---- Source information
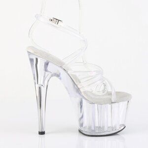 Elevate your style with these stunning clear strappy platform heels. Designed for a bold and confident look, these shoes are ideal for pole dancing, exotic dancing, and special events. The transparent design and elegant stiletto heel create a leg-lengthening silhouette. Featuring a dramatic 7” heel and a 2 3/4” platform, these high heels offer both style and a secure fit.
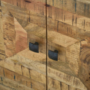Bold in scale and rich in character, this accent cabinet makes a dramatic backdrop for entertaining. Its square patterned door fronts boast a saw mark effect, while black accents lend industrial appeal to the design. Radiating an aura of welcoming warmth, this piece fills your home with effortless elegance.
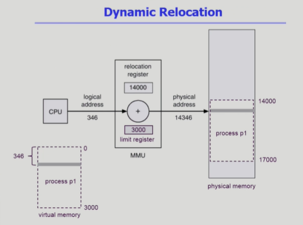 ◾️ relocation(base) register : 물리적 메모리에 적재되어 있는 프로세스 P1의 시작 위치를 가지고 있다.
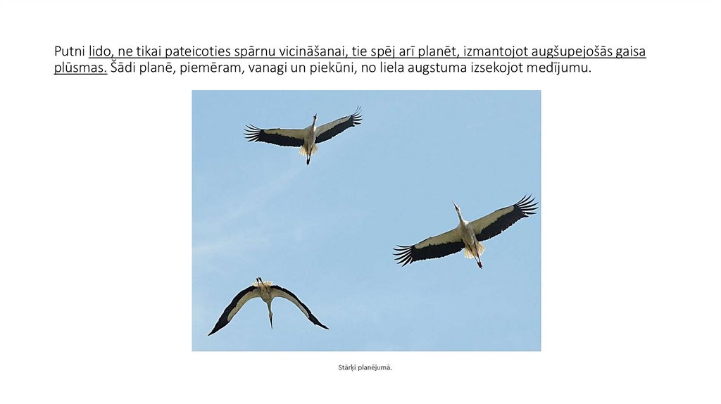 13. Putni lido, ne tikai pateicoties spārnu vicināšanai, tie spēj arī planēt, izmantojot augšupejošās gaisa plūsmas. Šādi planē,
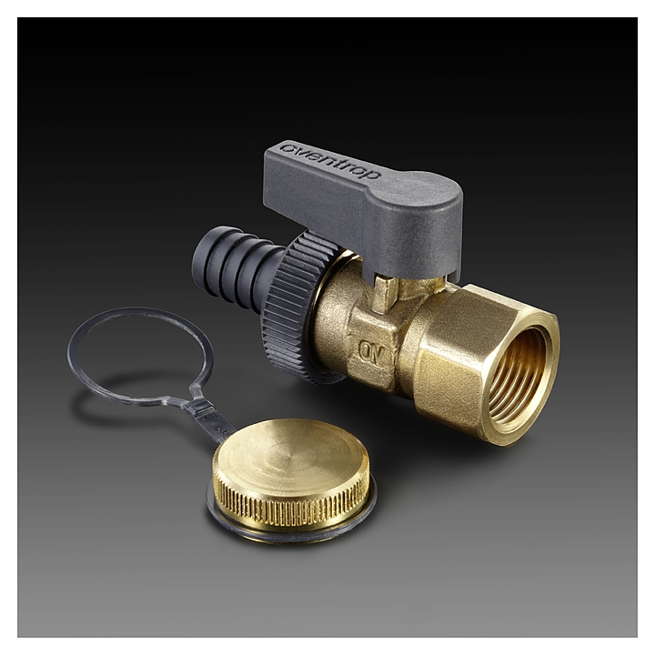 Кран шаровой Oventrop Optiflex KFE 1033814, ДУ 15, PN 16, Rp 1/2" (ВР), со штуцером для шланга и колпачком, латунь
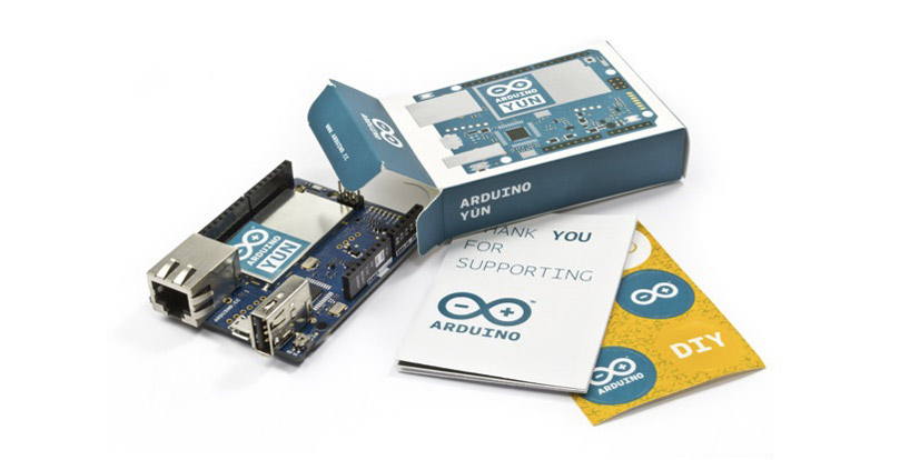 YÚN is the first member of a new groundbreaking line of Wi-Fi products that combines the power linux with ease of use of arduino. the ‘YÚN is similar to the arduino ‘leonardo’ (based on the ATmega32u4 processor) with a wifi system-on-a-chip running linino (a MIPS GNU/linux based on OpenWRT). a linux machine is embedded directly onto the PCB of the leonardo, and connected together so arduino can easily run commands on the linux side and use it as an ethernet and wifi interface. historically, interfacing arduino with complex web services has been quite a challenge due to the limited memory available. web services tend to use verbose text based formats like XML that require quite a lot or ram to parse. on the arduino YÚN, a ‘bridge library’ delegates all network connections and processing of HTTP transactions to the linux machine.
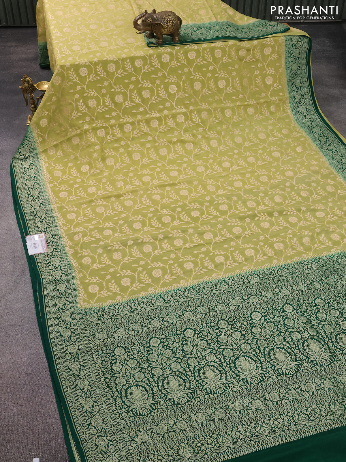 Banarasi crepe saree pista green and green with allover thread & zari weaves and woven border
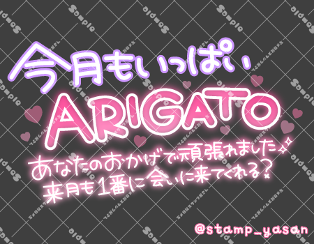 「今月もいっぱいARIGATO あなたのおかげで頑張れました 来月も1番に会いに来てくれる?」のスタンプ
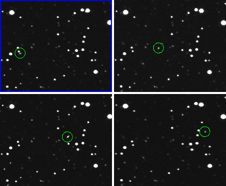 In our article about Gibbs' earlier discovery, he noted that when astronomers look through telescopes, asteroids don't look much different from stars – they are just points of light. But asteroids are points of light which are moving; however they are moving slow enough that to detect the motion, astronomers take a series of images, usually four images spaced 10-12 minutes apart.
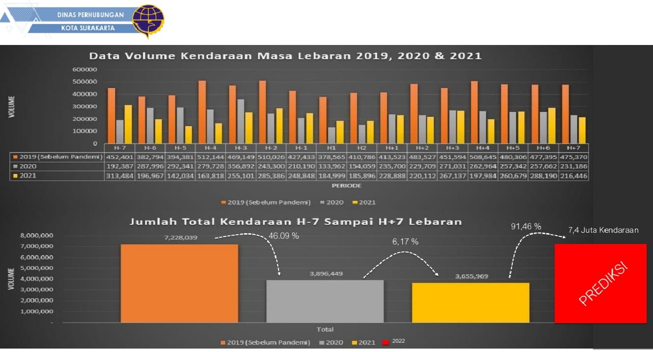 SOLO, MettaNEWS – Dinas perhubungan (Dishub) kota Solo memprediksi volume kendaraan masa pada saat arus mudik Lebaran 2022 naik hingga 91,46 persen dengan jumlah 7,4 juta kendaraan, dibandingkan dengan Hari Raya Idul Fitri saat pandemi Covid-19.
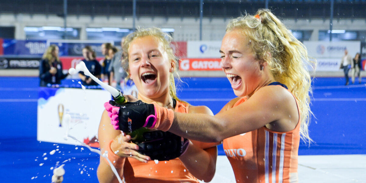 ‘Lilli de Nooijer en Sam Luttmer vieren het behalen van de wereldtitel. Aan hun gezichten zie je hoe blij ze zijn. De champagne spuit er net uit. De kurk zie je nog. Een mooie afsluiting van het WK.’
--------
_Exercise prompt_.
The data must come back word for word, with every picture removed.

_Task output_.
 Elevate your style with these stunning clear strappy platform heels. Designed for a bold and confident look, these shoes are ideal for pole dancing, exotic dancing, and special events. The transparent design and elegant stiletto heel create a leg-lengthening silhouette. Featuring a dramatic 7” heel and a 2 3/4” platform, these high heels offer both style and a secure fit.
Bold in scale and rich in character, this accent cabinet makes a dramatic backdrop for entertaining. Its square patterned door fronts boast a saw mark effect, while black accents lend industrial appeal to the design. Radiating an aura of welcoming warmth, this piece fills your home with effortless elegance.
 ◾️ relocation(base) register : 물리적 메모리에 적재되어 있는 프로세스 P1의 시작 위치를 가지고 있다.
 13. Putni lido, ne tikai pateicoties spārnu vicināšanai, tie spēj arī planēt, izmantojot augšupejošās gaisa plūsmas. Šādi planē,
 Кран шаровой Oventrop Optiflex KFE 1033814, ДУ 15, PN 16, Rp 1/2" (ВР), со штуцером для шланга и колпачком, латунь
 YÚN is the first member of a new groundbreaking line of Wi-Fi products that combines the power linux with ease of use of arduino. the ‘YÚN is similar to the arduino ‘leonardo’ (based on the ATmega32u4 processor) with a wifi system-on-a-chip running linino (a MIPS GNU/linux based on OpenWRT). a linux machine is embedded directly onto the PCB of the leonardo, and connected together so arduino can easily run commands on the linux side and use it as an ethernet and wifi interface. historically, interfacing arduino with complex web services has been quite a challenge due to the limited memory available. web services tend to use verbose text based formats like XML that require quite a lot or ram to parse. on the arduino YÚN, a ‘bridge library’ delegates all network connections and processing of HTTP transactions to the linux machine.
 Banarasi crepe saree pista green and green with allover thread & zari weaves and woven border
 「今月もいっぱいARIGATO あなたのおかげで頑張れました 来月も1番に会いに来てくれる?」のスタンプ
 In our article about Gibbs' earlier discovery, he noted that when astronomers look through telescopes, asteroids don't look much different from stars – they are just points of light. But asteroids are points of light which are moving; however they are moving slow enough that to detect the motion, astronomers take a series of images, usually four images spaced 10-12 minutes apart.
 SOLO, MettaNEWS – Dinas perhubungan (Dishub) kota Solo memprediksi volume kendaraan masa pada saat arus mudik Lebaran 2022 naik hingga 91,46 persen dengan jumlah 7,4 juta kendaraan, dibandingkan dengan Hari Raya Idul Fitri saat pandemi Covid-19.
 ‘Lilli de Nooijer en Sam Luttmer vieren het behalen van de wereldtitel. Aan hun gezichten zie je hoe blij ze zijn. De champagne spuit er net uit. De kurk zie je nog. Een mooie afsluiting van het WK.’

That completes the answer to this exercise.